Mr Danacher “knew that complying with the law would reduce corporate revenue” and “devised a plan to avoid it and circumvent it”, Mr Chopra said.

The bureau is asking the court for financial restitution of consumers by defendants, other property payments and an order banning the company from violating federal consumer protection laws.

TransUnion is one of the three major credit bureaus, along with Equifax and Experian. They make most of their money by selling credit reports to merchants and creditors, but they also sell credit monitoring products directly to consumers. TransUnion advertises on its website that it has “200 million files profiling almost every credit-active user in the United States.”

In the 2017 case, TransUnion paid nearly $ 14 million to consumers and $ 3 million in civil damages to settle claims that it lured consumers to recurring payments and made false statements about the credit scores it sold to consumers. Without acknowledging any past violations, TransUnion also agreed to five years of intensified monitoring by the bureau to confirm its compliance with federal consumer laws.

The consumer bureau said in its latest lawsuit that it has told TransUnion many times, starting in 2019 and continuing until 2021, that the company violated the order from 2017. But the company has not changed its behavior, said Mr. Chopra. press conference.

“TransUnion’s management is either unwilling or unable to run its business legally,” Mr Chopra said.

The Bureau stated in its complaint that Mr Danacher had taken a number of steps to circumvent the contract. This included stopping the implementation of an ‘opt-in’ checkbox designed to stop unintentional subscription subscriptions.

“I do not take lightly the decision to blame people, but based on the evidence found in the investigation, I think it is appropriate,” Mr Chopra said. He added that if the bureau’s investigation reveals other evidence of wrongdoing by senior officials, the bureau will change its complaint to bring them up in person.

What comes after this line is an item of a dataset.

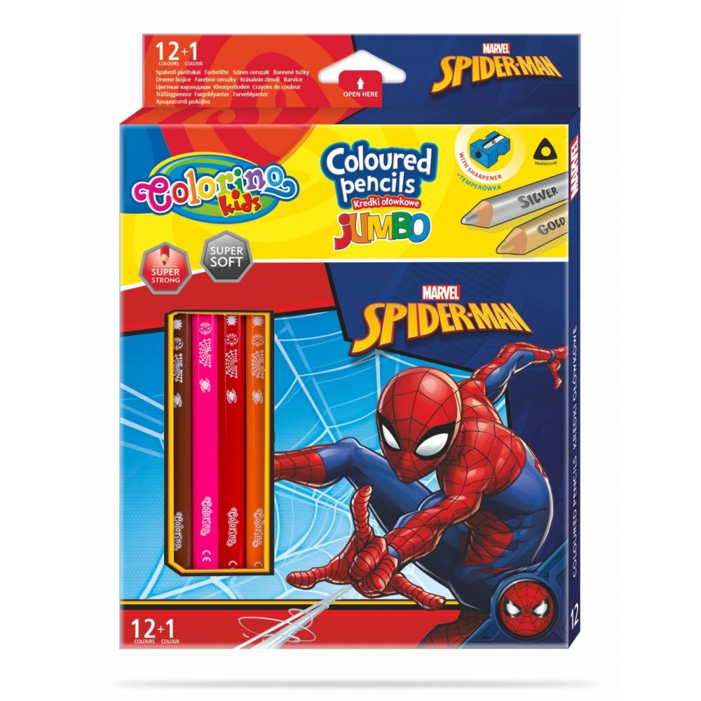 Kredki ołówkowe Jumbo Colorino Spiderman 13 kolorów w zestawie z temperówką.

TransUnion said in a statement that it had tried to abide by the terms of the agreement, but was met with silence when it sought guidance from the bureau.

“Despite TransUnion’s many years of good faith efforts to resolve this issue, the current CFPB management has refused to meet with us,” the company said. He added that “the unrealistic and unenforceable demands of the bureau have left us with no alternative but to defend ourselves fully.”

TransUnion revealed in regulatory documentation in February that it was in discussions with the consumer bureau regarding compliance with the 2017 consent order and expects the agency to sue if the company does not resolve the case. TransUnion has set aside $ 27 million and said it provides a “reasonable opportunity” for additional costs.

Mr Chopra, who worked on setting up the consumer bureau in 2010 and 2011 and rejoined the agency last year as its director, is known as an aggressive regulator and speaks openly of his frustration with some companies breaking the law again and again. He wants regulators to exceed fines and impose sanctions – such as revoking licenses or growth ceilings – which really hurts, he said.

“We need to forcibly address repetitive offenders to change the company’s behavior and ensure that companies realize that it is cheaper and better for them to ultimately comply with the law than to break it,” he said. Mr. Chopra in a speech last month.

Ed Mills, a political analyst at Raymond James, a financial services firm, said the lawsuit was a warning shot to the financial industry – and a reversal of the agency’s meekness during the Trump administration.

“It’s almost like a bad movie title: ‘CFPB is back’ – and this time, it’s personal,” Mr Mills said. “Chopra was very clear in this speech that he does not believe that paying fines or introducing consent decrees changes behavior. One of the only ways he could change his behavior was to prosecute individuals for personal responsibility. “

Leave a Comment

Your email address will not be published.